Key Points for Assessing Prosthetic Mitral Valves
-
Assessment of prosthetic mitral valve function begins with knowledge of the type and size of the prosthetic valve implanted.
-
Structural and hemodynamic evaluation with TTE and TEE provides key understanding of the function of the prosthetic mitral valve.
-
From the Doppler interrogation of prosthetic mitral valves, peak velocity, mean gradient, PHT, EOA or DVI, and heart rate should be measured whenever feasible and reported.
-
Because of shadowing and flow masking in the left atrium, particularly in mechanical mitral valves, significant prosthetic MR may be missed with color Doppler on TTE. Clues for significant MR from spectral Doppler include increased mitral peak early velocity, mean gradient, DVI, and a relatively low systemic stroke volume in relation to total LV stroke volume.

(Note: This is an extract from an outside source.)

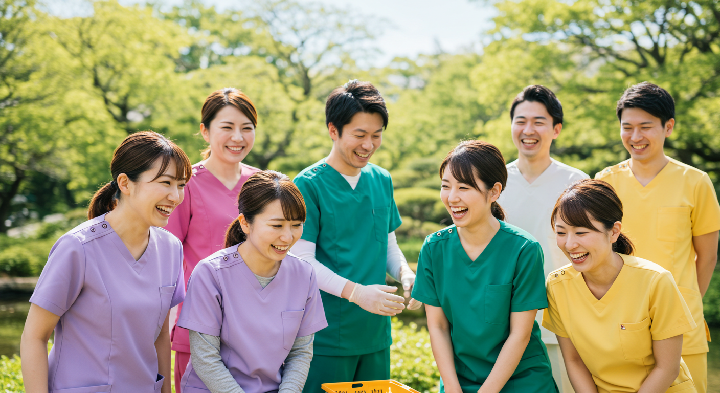 名称の『未来樹』は、大地である法人理念に根を伸ばし、個々のキャリアの多様性が虹色の枝葉のように広がり希望ある未来を表現しています。家庭状況やライフステージによって異なる「なりたい自分」を見つめるためのキャリアデザイン研修も実施したり、活躍の機会が広がるような体制づくりに向けて活動しています。共和会の未来樹に実がなり、実を食べた鳥が空へ羽ばたき、新しい芽が出て豊沃な大地となるという循環で、共和会の理念「優しい医療・楽しい職場」を豊かにさせていきます。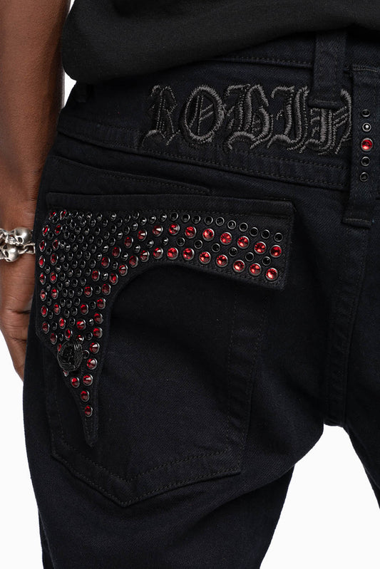 KILLER FLAP SKINNY JEANS FULLY EMBELISHED WITH CRYSTALS IN PURE BLACK WITH GOTHIC EMBROIDERY

TEE is indicated in suspected cases of significant MR.
-
TEE (2D and 3D) provides an en face view of the prosthetic mitral valve which allows the evaluation of valve structure, occluder motion, and the presence, location, and extent of valvular regurgitation; the latter are crucial in guiding interventional procedures.
-
CT and CMR provide complementary evaluation of prosthetic mitral valves, particularly when further information is needed regarding prosthetic structure, function, or associated complications. CTallows the evaluation of valve structure and mechanical valve occluder motion, as well as the localization of significant paravalvular regurgitation and identification of associated complications. CMR allows the evaluation of valvular structure of bioprosthetic valves and is particularly helpful in quantitation of prosthetic MR and LV remodeling.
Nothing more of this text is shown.